The team discovered a unique population of
immune cells that is important to the successful treatment of relapsed acute
myeloid leukemia (AML). This investigation was done in partnership with the
Dana Farber Cancer Institute (DFCI).
AML, which affects four out of 100,000
patients in the U.S. every year, according to the National Cancer Institute, is
a type of cancer that first attacks the bone marrow before moving to infect the
blood. The current treatment plan includes targeted chemotherapy followed by a
stem cell transplant. Unfortunately, up to 40% of these patients relapse after
transplant and have a median survival of six months. At that stage, the only
hope for remission is through immunotherapy.

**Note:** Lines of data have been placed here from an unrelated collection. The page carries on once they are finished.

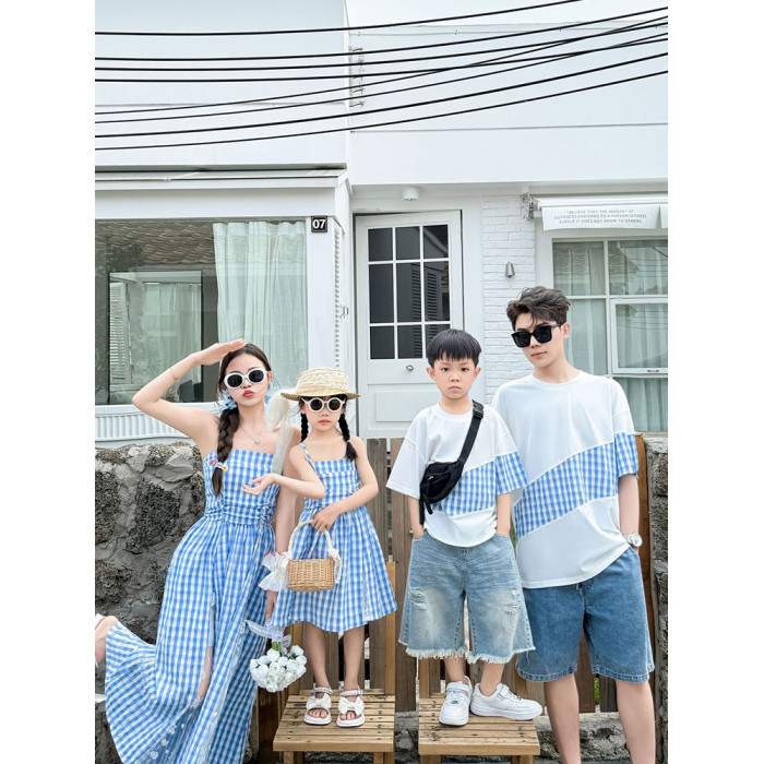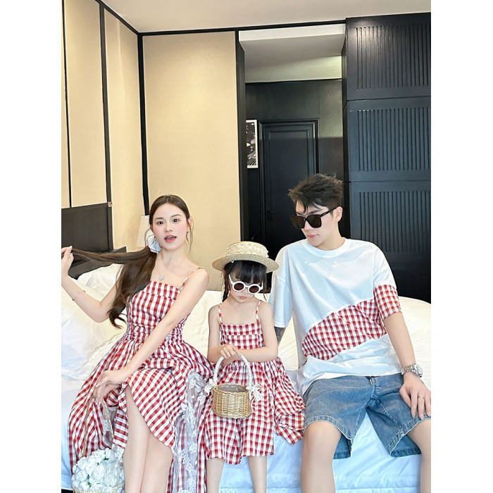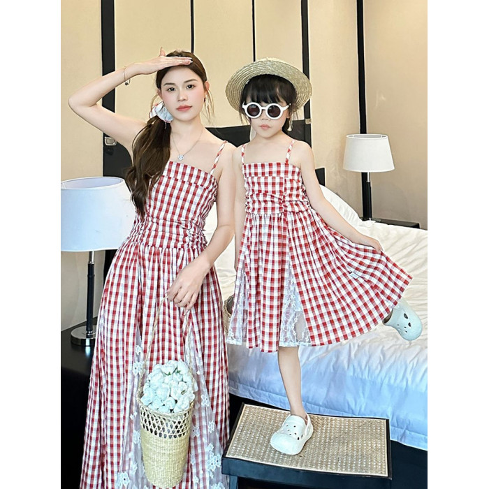 三亞海邊親子裝母女裝2025新款夏一家三口吊帶紅色藍色格子連衣裙
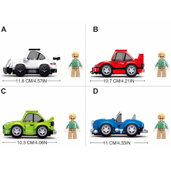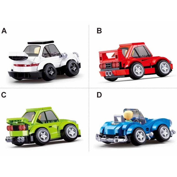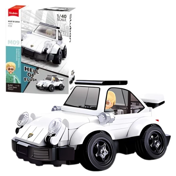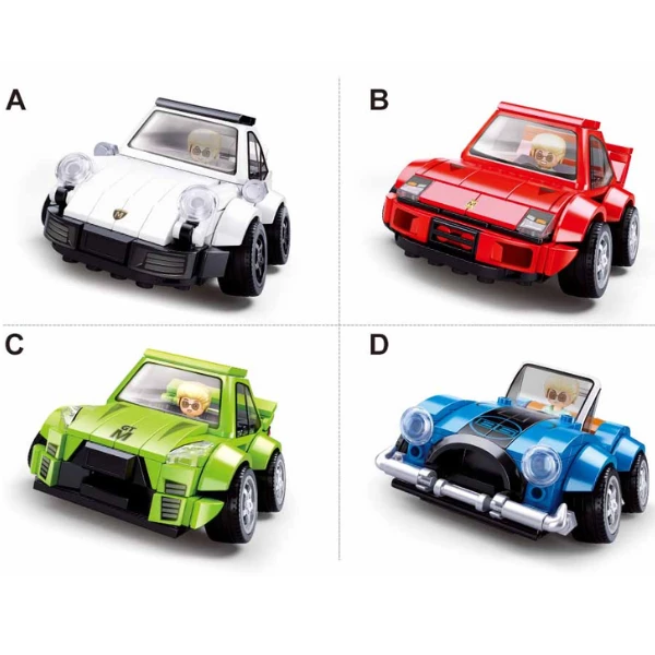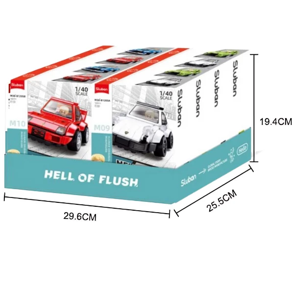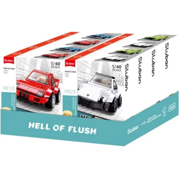 Конструктор “Городской автомобиль” из серии Hell of Flush от Sluban представлен в ассортименте из 4 моделей, шкала 1:40. Каждый комплект представляет собой интересную и уникальную модель городского автомобиля с фигуркой водителя.
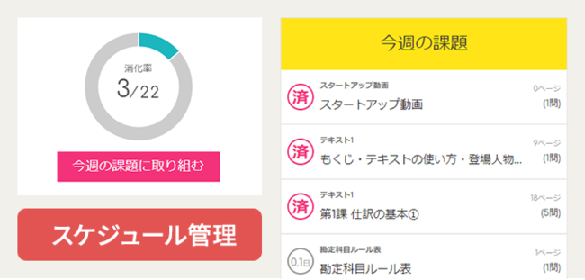 今回対応したWEB学習ツール「合格デジタルサポート」では、あなたの受験目標日と学習進度に合わせて、毎週の課題をご提示します。
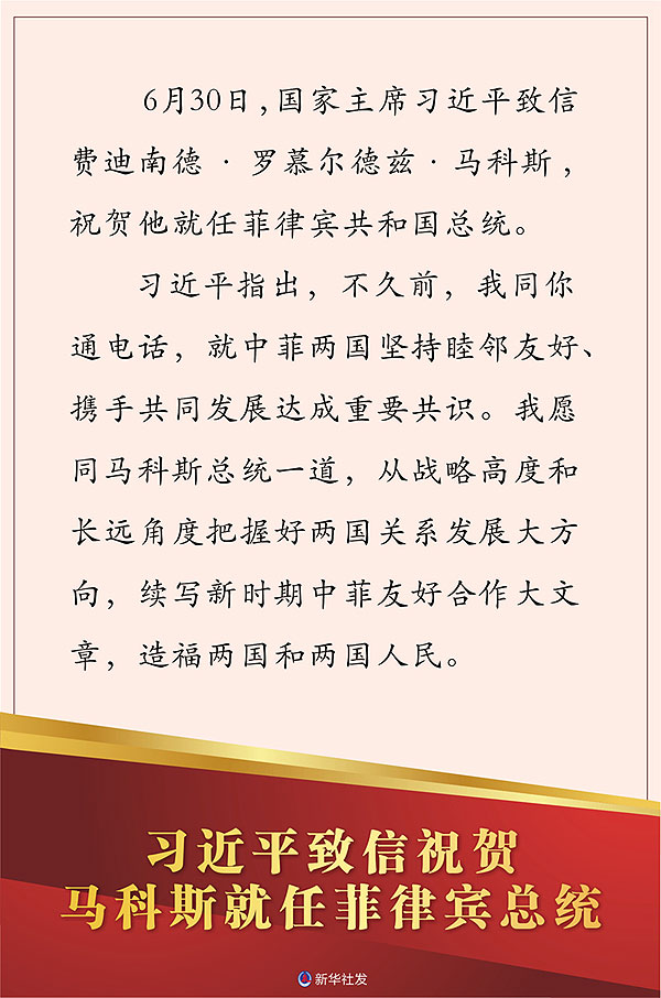 新華社北京6月30日電 6月30日,國家主席習近平致信費迪南德·羅慕爾德茲·馬科斯,祝賀他就任菲律賓共和國總統。
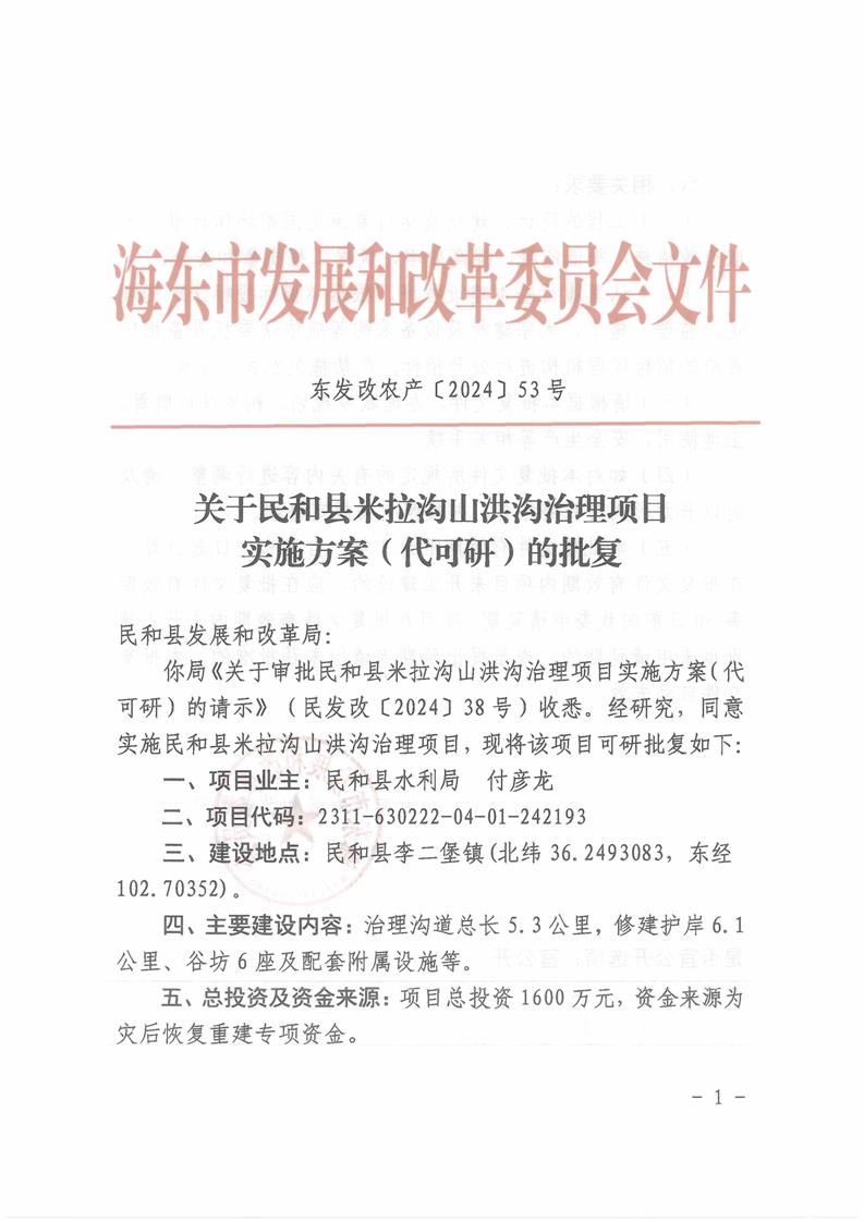 关于民和县米拉沟山洪沟治理项目实施方案(代可研)的批复

Led by Elham Azizi, associate professor
of biomedical engineering at Columbia Engineering, the research explores how
coordinated immune networks in leukemia bone marrow microenvironments influence
responses to cellular therapy, raising the question: why do some patients
benefit from immunotherapy while others do not? The current treatment for
relapsed AML, donor lymphocyte infusion (DLI)--a therapy involving donor immune
cells--has a 5-year survival rate of only 24 per cent, according to research
conducted by Pfizer.
This new study finds that a unique
population of T cells found in patients who are responding to DLI might be the
key. These cells fight leukemia by boosting the immune response. Additionally,
the study shows that patients with a healthier, more active and diverse immune
environment in the bone marrow are better able to support these cells and their
cancer-fighting abilities.
Utilizing the team's proprietary computational DIISCO approach,
the researchers discovered key interactions between the unique T cell
population and other immune cells may lead to patient remission. They also
traced these T cells back to the donor product. However, it was discovered that
the donor's immune cell composition has little to no effect on the patient's
success. In fact, the success of this treatment is determined by the patient's
immune environment. DIISCO is a machine learning method used to analyze how
cell interactions change over time with a focus on cancer and immune cells
profiled in clinical specimens.
The study's findings can lead to new
intervention options such as improving the immune environment before starting
the standard DLI treatment and exploring combinations of immunotherapies. This
will help patients who don't typically respond well to find a personalized
option that works for them.
"This research exemplifies the power
of combining computational and experimental methods through close collaboration
to answer complex biological questions and uncover unexpected insights,"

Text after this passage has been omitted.